Equally, Taliban leader Jalaluddin Haqqani (who is second only to Taliban 
supreme Mullah Omar) too has a mujahideen pedigree. Also, Haqqani and Hekmatyar 
go back a long way. In the Afghan jihad of the early 1980s, Haqqani was a camp 
follower of Professor Rasool Sayyaf (one of the prime movers, incidentally, of 
the amnesty move in Parliament).

The mystery deepens insofar as Hekmatyar also has a strong "Iran connection", 
having spent five years in exile in Mashhad after the Taliban takeover in Kabul 
in 1996. The big question is whether Iran would countenance a Taliban 
organization that is cleansed of murderers of monstrous ferocity like Mullah 
Dadullah (or rabidly obscurantist extremists like Mullah Omar) entering 
mainstream Afghan politics.

Arguably, it might. At any rate, almost on the heels of the consultations in 
Pakistan by Ambassador Ronald Neumann, US special envoy on Afghanistan, early 
this week, Iranian Foreign Minister Manouchehr Mottaki arrived in Islamabad on 
Thursday. Iranian President Mahmud Ahmadinejad is due to visit Kabul in June. 
Musharraf's close confidant, Railway Minister Sheikh Rashid, was received by 
Ahmadinejad in Tehran early this week.

While Mullah Dadullah's killing might have dealt a significant blow to the 
Taliban insurgency, Iran will still be cautious about the Taliban's command 
structure. Iran will also factor the growing anti-American sentiments among the 
Afghans.
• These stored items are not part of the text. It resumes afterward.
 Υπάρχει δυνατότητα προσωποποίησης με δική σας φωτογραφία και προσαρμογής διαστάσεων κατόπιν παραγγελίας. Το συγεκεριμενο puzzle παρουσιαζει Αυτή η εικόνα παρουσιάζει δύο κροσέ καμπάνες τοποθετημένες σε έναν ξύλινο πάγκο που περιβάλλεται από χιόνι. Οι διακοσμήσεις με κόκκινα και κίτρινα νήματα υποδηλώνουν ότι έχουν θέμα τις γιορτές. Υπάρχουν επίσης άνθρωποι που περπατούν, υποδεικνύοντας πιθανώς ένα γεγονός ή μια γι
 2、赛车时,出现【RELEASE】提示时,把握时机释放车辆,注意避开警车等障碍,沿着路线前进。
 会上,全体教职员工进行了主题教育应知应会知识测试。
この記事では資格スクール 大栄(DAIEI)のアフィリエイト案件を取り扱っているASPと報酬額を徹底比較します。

But Iran cannot be missing the point that it has indeed become a 
meaningful interlocutor for the US with respect to Afghan situation - just as 
over the future of Iraq.

The Afghan bazaar perceives that Ahmed Zia Massoud (brother of Ahmed Shah 
Massoud and vice president in the Karzai government) is the leading figure in 
the United Front. Some say Massoud staged a putsch against Karzai. There is 
bound to be speculation about ascendancy of Russian influence. Moscow went on a 
publicity binge over the visit by the delegation of the Collective Security 
Treaty Organization to Kabul on March 9-13. But these are early days.

What cannot be overlooked is that Russia and Iran are not quite on the same 
page. The acrimony over the Bushehr nuclear power plant has taken a toll. 
Ahmadinejad's public criticism of Russian policies while on a visit to the 
United Arab Emirates last week underscored that the trust deficit is real.
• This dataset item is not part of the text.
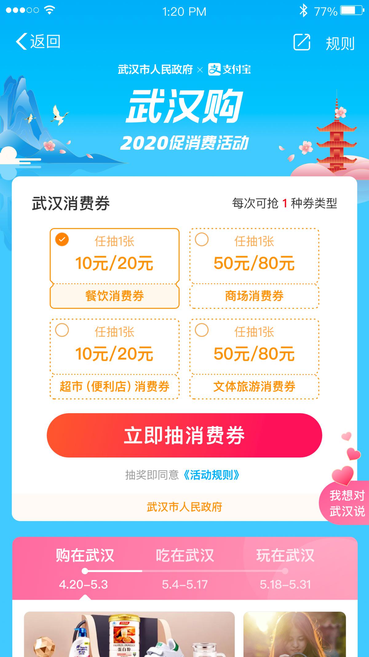 A. 武汉消费者可以从支付宝首页,或者在支付宝搜索“武汉”进入领券页面。消费者进入领券页面,在4类行业消费券里选择其中1类领取,先到先得。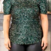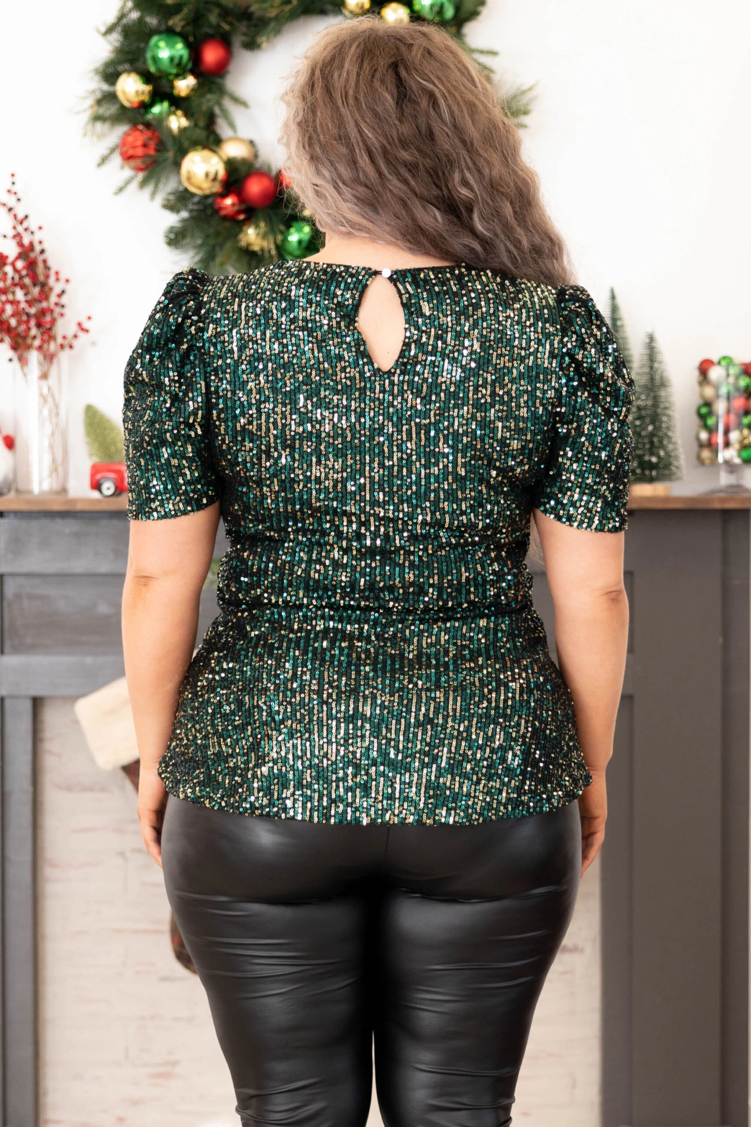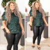 This top is simply irresistible! The beautiful emerald green color and sequin design is just in time for the season! The puff shoulder and figure flattering fit is just what you need for your next holiday event! Style this top with some faux leather leggings and heels for a classy chic look!

The alignments remain fluid. Qanooni, who is close to Tehran, is keeping a low 
profile. "Ustad" Rabbani is doing the talking. He is a great bridge-builder. 
Meanwhile, Karzai alleges that the United Front is "supported by foreign 
embassies". Indeed, the Front includes personalities who kept links in the 1980s
and '90s with Moscow, Central Asian capitals or Tehran.

The United Front has rattled Karzai (and Washington). Karzai wouldn't like the 
initiative to slip into the hands of the United Front. The Senate, which is 
dominated by his nominees, passed its own resolution on May 8 calling on the 
government to hold direct talks with the resurgent Taliban and other opposition 
forces - "direct negotiations with the concerned Afghan sides in the country".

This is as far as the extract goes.